■ REQUIRED ACTION: From the listing below, output the lines between the one with "ANZA platte verfkwast" and the one with "Tutto nasce con", including those two, and nothing else. Pictures are not copied.

■ MATERIALS PROVIDED:

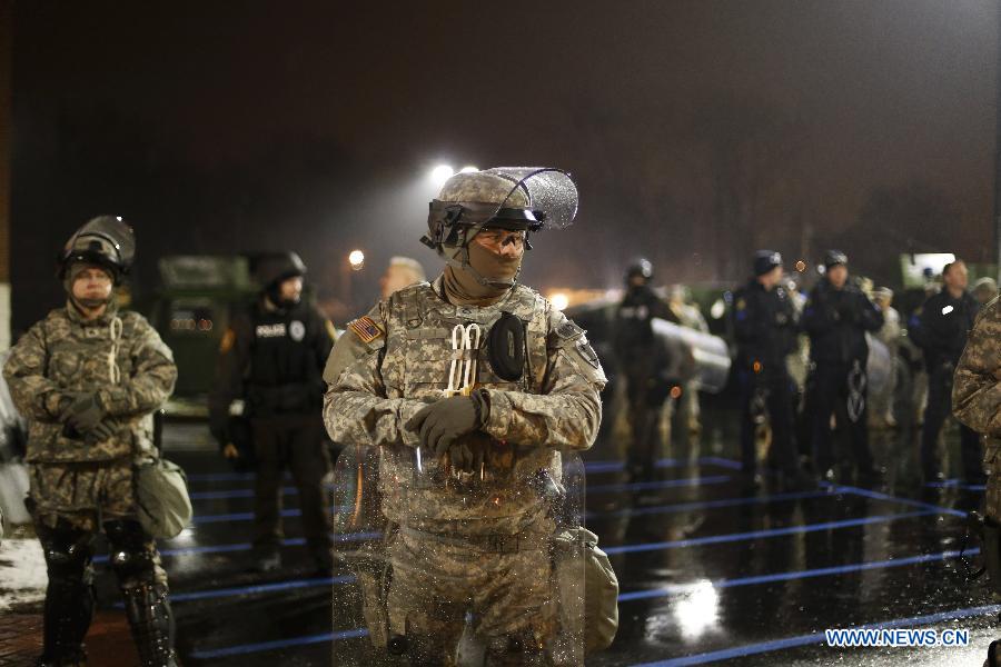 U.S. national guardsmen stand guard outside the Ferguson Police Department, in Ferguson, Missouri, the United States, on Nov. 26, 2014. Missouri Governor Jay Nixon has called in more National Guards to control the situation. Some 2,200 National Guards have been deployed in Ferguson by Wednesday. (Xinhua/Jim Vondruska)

--

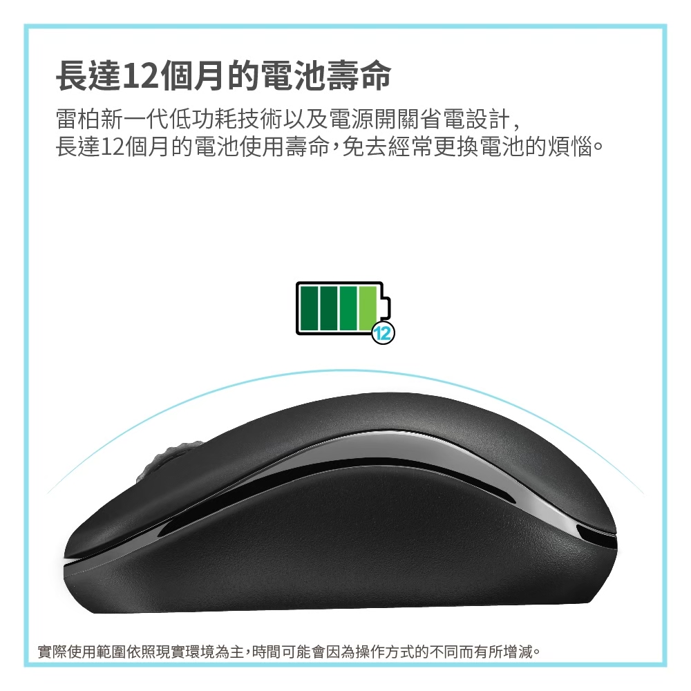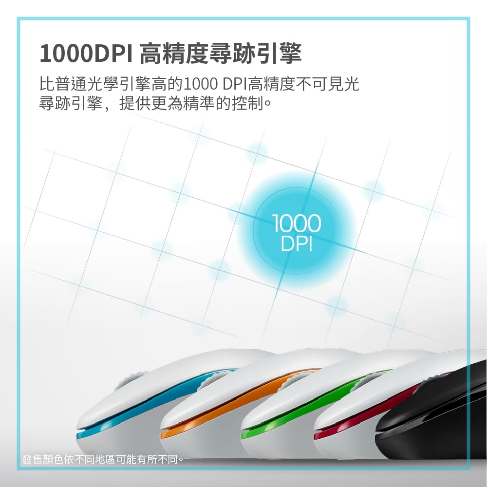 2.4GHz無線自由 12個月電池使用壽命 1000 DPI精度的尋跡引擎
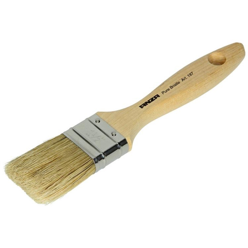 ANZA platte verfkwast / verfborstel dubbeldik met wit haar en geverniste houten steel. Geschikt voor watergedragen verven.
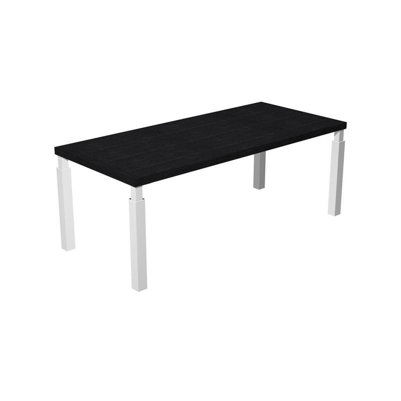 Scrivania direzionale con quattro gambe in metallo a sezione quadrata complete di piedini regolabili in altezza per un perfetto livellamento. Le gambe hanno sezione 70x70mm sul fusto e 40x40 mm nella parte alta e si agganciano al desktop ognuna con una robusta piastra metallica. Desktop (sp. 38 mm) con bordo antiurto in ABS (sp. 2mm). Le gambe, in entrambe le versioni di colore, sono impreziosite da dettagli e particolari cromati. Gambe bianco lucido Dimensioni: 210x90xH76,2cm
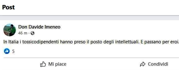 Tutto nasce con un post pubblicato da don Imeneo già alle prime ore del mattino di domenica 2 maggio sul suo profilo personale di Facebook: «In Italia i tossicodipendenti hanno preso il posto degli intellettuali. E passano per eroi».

■ ANSWER SPACE:
 ANZA platte verfkwast / verfborstel dubbeldik met wit haar en geverniste houten steel. Geschikt voor watergedragen verven.
 Scrivania direzionale con quattro gambe in metallo a sezione quadrata complete di piedini regolabili in altezza per un perfetto livellamento. Le gambe hanno sezione 70x70mm sul fusto e 40x40 mm nella parte alta e si agganciano al desktop ognuna con una robusta piastra metallica. Desktop (sp. 38 mm) con bordo antiurto in ABS (sp. 2mm). Le gambe, in entrambe le versioni di colore, sono impreziosite da dettagli e particolari cromati. Gambe bianco lucido Dimensioni: 210x90xH76,2cm
 Tutto nasce con un post pubblicato da don Imeneo già alle prime ore del mattino di domenica 2 maggio sul suo profilo personale di Facebook: «In Italia i tossicodipendenti hanno preso il posto degli intellettuali. E passano per eroi».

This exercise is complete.